EXERCISE PROMPT
Repeat the listing that follows exactly. Pictures are not part of the copy.

DATA EXTRACT: Begin

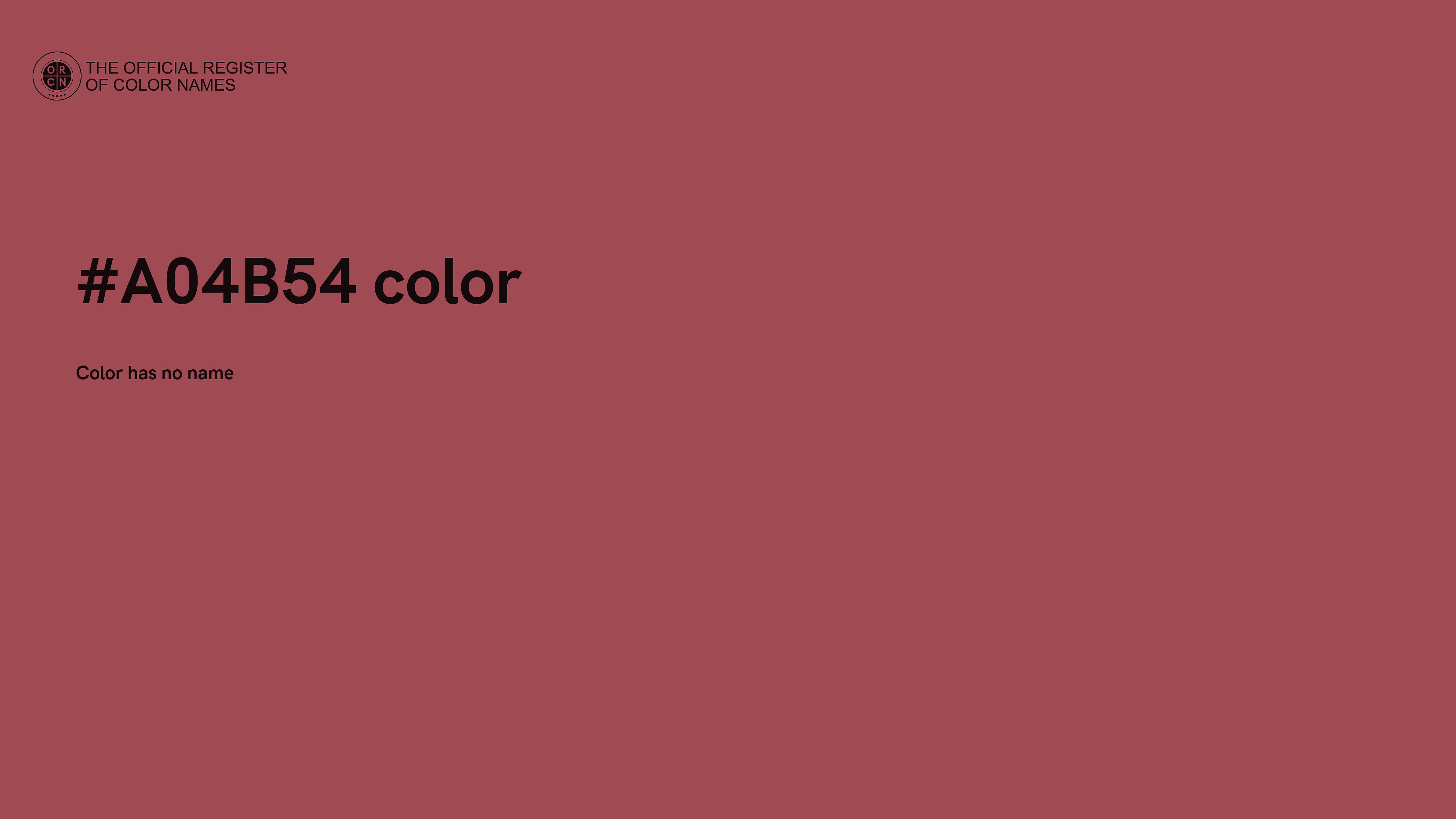 The digital color HEX #A04B54 belongs to the Red Color Family featuring Mild Saturation (Saturation Family) and Light (Brightness Family).
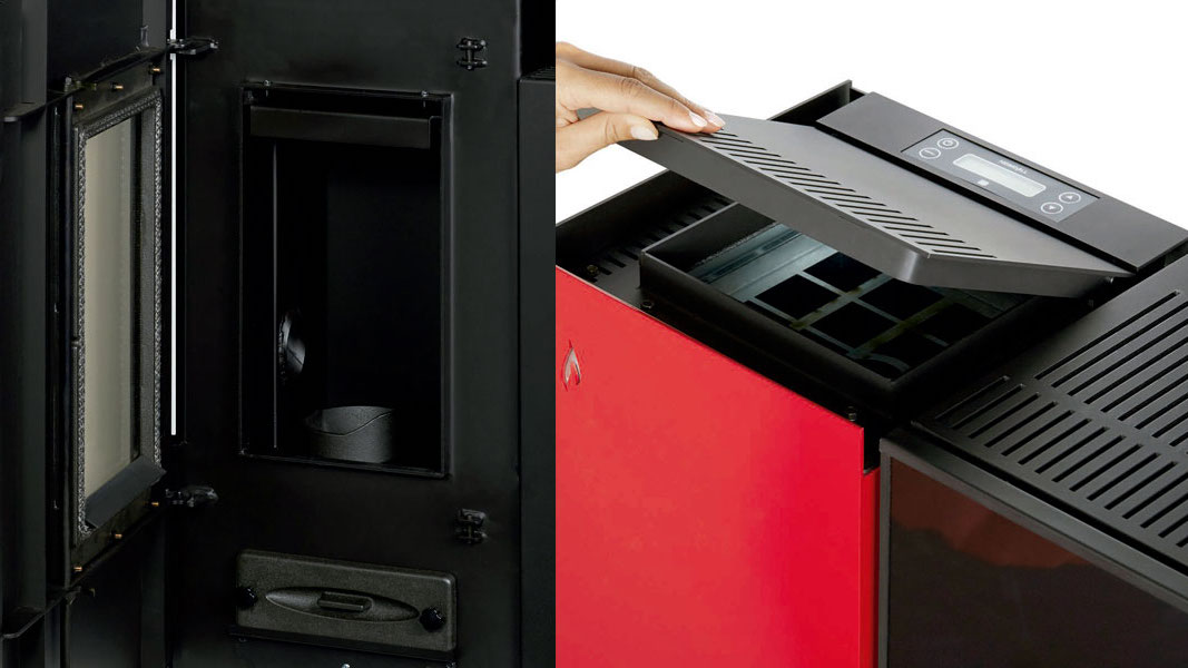 Salamandra a pellets de reduzido tamanho mas de alto desempenho, ideal para restaurantes ou residências com pouco espaço. Apresenta 3 acabamentos diferentes: preto, vermelho e branco.
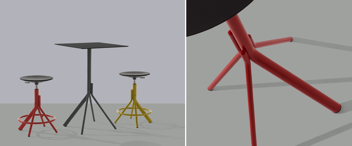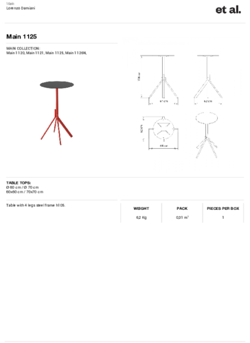 TheMAIN 1125 design table is a stylish and versatile minimalist piece that you can't do without in a modern business or even in your home. It is an indispensable complement to the stools from the same collection. Thanks to its subtle proportions, the table can be instantly moved to wherever you need to serve refreshments. However, it can also serve as a storage area for a vase of flowers. The high base is made of aluminium and painted in the shade you choose from the catalogue. It stands on a stable four-legged cross and, interestingly, the legs of the table are not the same diameter or length in relation to the central leg. The round table top is also made of lacquered metal - again in the colour of your choice. The table and the entire MAIN collection were designed for et al by Milanese architect Lorenzo Damiani.
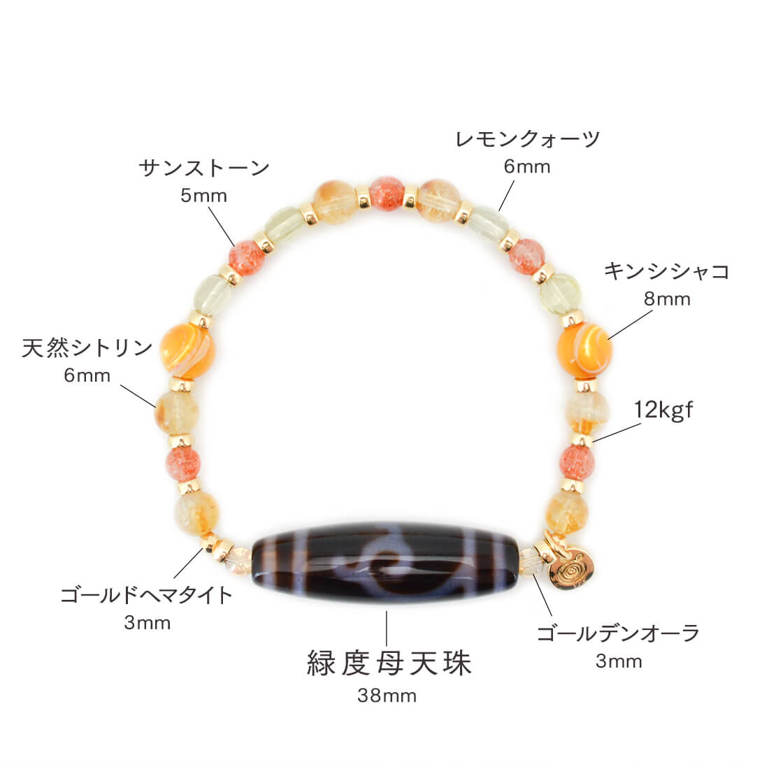 サンストーン+キンシシャコ+天然シトリン+ゴールデンオーラ+レモンクォーツ+ゴールドヘマタイト+12KGF+オリジナルメダルチャーム

DATA EXTRACT: End

ANSWER SECTION
 The digital color HEX #A04B54 belongs to the Red Color Family featuring Mild Saturation (Saturation Family) and Light (Brightness Family).
 Salamandra a pellets de reduzido tamanho mas de alto desempenho, ideal para restaurantes ou residências com pouco espaço. Apresenta 3 acabamentos diferentes: preto, vermelho e branco.
 TheMAIN 1125 design table is a stylish and versatile minimalist piece that you can't do without in a modern business or even in your home. It is an indispensable complement to the stools from the same collection. Thanks to its subtle proportions, the table can be instantly moved to wherever you need to serve refreshments. However, it can also serve as a storage area for a vase of flowers. The high base is made of aluminium and painted in the shade you choose from the catalogue. It stands on a stable four-legged cross and, interestingly, the legs of the table are not the same diameter or length in relation to the central leg. The round table top is also made of lacquered metal - again in the colour of your choice. The table and the entire MAIN collection were designed for et al by Milanese architect Lorenzo Damiani.
 サンストーン+キンシシャコ+天然シトリン+ゴールデンオーラ+レモンクォーツ+ゴールドヘマタイト+12KGF+オリジナルメダルチャーム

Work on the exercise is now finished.